*PROBLEM STATEMENT*
Your task is to repeat exactly the lines below between the line holding "Figure 3. B-mod" and the line holding "LI-DP04 Midtown East", inclusive, and only those.

*INPUT FOR THIS TASK*
===

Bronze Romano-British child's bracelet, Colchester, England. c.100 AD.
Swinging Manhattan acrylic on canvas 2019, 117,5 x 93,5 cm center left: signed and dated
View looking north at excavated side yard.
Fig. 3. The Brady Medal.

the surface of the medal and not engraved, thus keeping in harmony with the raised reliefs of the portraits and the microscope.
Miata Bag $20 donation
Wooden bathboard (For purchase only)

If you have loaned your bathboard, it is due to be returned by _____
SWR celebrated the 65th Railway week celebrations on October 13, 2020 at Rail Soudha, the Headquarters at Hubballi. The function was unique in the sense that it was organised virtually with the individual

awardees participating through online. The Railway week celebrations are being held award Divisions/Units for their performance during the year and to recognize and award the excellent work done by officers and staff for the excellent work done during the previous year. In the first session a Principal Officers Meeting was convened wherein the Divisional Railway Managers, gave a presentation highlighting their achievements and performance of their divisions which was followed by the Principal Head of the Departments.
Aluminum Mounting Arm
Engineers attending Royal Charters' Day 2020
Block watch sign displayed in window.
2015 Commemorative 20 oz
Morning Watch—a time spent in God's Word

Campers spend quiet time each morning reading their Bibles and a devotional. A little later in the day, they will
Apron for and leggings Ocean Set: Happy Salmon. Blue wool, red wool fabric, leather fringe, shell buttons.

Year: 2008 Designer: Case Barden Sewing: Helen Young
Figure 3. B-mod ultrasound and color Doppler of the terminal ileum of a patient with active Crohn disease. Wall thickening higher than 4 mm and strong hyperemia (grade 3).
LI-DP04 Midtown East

===

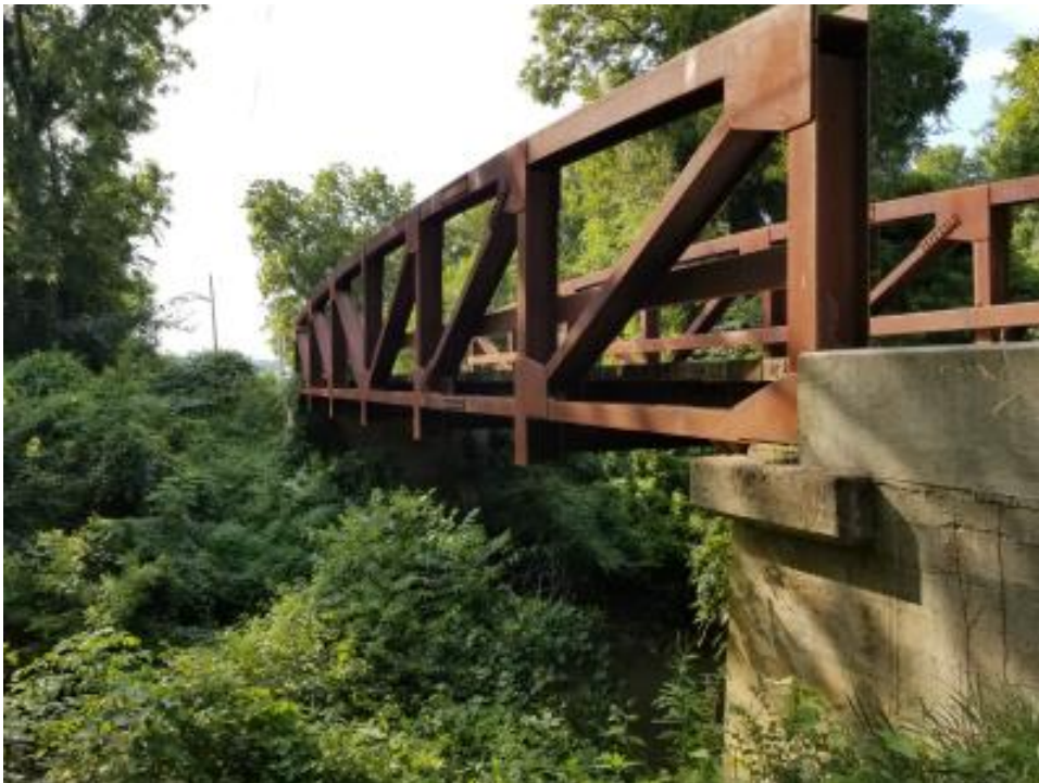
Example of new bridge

===

*RESULT OF THIS EXERCISE*
Figure 3. B-mod ultrasound and color Doppler of the terminal ileum of a patient with active Crohn disease. Wall thickening higher than 4 mm and strong hyperemia (grade 3).
LI-DP04 Midtown East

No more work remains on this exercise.